XXI
THE PRINCESS DE GONZAGUE
When Lagardere was left alone he placed himself at the table where Gonzague had been sitting so short a time before, and, taking pen and paper, wrote rapidly a short letter. When he had folded and sealed this, he rose, and, crossing the room, went to the door which opened on the antechamber to the princess’s apartments. Here he found a servant waiting, wearing the mourning livery of Nevers, to whom he gave the letter, telling him that it was urgent, and that it should be delivered to the princess at once. When he had done this he returned to the great room and walked slowly up and down it, surveying in turn each of the three pictures of the three friends who had been called the Three Louis. He paused for a moment before the picture of Louis de Nevers. "Louis de Nevers," he said, softly, "you shall be avenged to-night."
He moved a little away, and paused again before the portrait of the king. "Louis of France," he said, "you shall be convinced to-night."

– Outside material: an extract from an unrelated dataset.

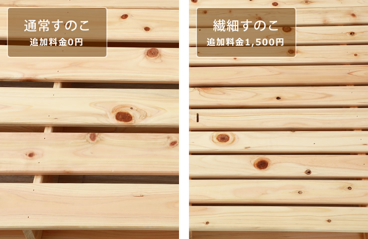 すのこのメリットは、抜群の通気性。湿気を逃すのでカビ問題も安心です。マットレスだけでなく、敷き布団でのご使用にも対応できるよう、すのこを2種類ご用意。ご使用の寝具に合わせて、お好みでお選びいただけます。

A third time he resumed his walk, and a third time he paused, this time before the portrait of the Prince de Gonzague. Here he stood a little while longer in silence, studying curiously the striking lineaments of his enemy, that enemy who, through all the change of years, had retained the grace and beauty represented on the canvas. "Louis de Gonzague," he murmured, "you shall be judged to-night."
Then he resumed his steady pacing up and down the room, with his hands clasped lightly behind his humped shoulders, busy in thought. For, indeed, he had much to think of, much to plan, much to execute, and but little time in which to do what he had to do. Fortune had greatly favored him so far. The friends he had summoned had come at his call. One more of his enemies had been swept from his path, and by the destruction of that enemy he had been able, thanks to his old training as a play-actor, to enter unsuspected into the household and the councils of the man who most hated him, of the man whom he most hated. But, though much was done, there was yet much to do, and it needed all his fortitude, all his courage, and all his humor to face without hesitation or alarm the problems that faced him.
His reflections were interrupted by the opening of a door, and, turning rapidly, he found himself in the presence of a woman clad entirely in black, whom he knew at once, in spite of the ravages that time and an unchanging grief had wrought upon her beauty, to be the Princess de Gonzague, the widow of Nevers. The princess was accompanied by a lady-in-waiting, a woman older than herself, and, like herself, clad wholly in black, on whose arm she leaned for support. Lagardere bowed respectfully to the woman he had last seen so many years before in the short and terrible interview in the moat at Caylus.
"You requested to see me," the princess said, gravely and sternly.
"I requested permission to wait upon you," Lagardere answered, deferentially.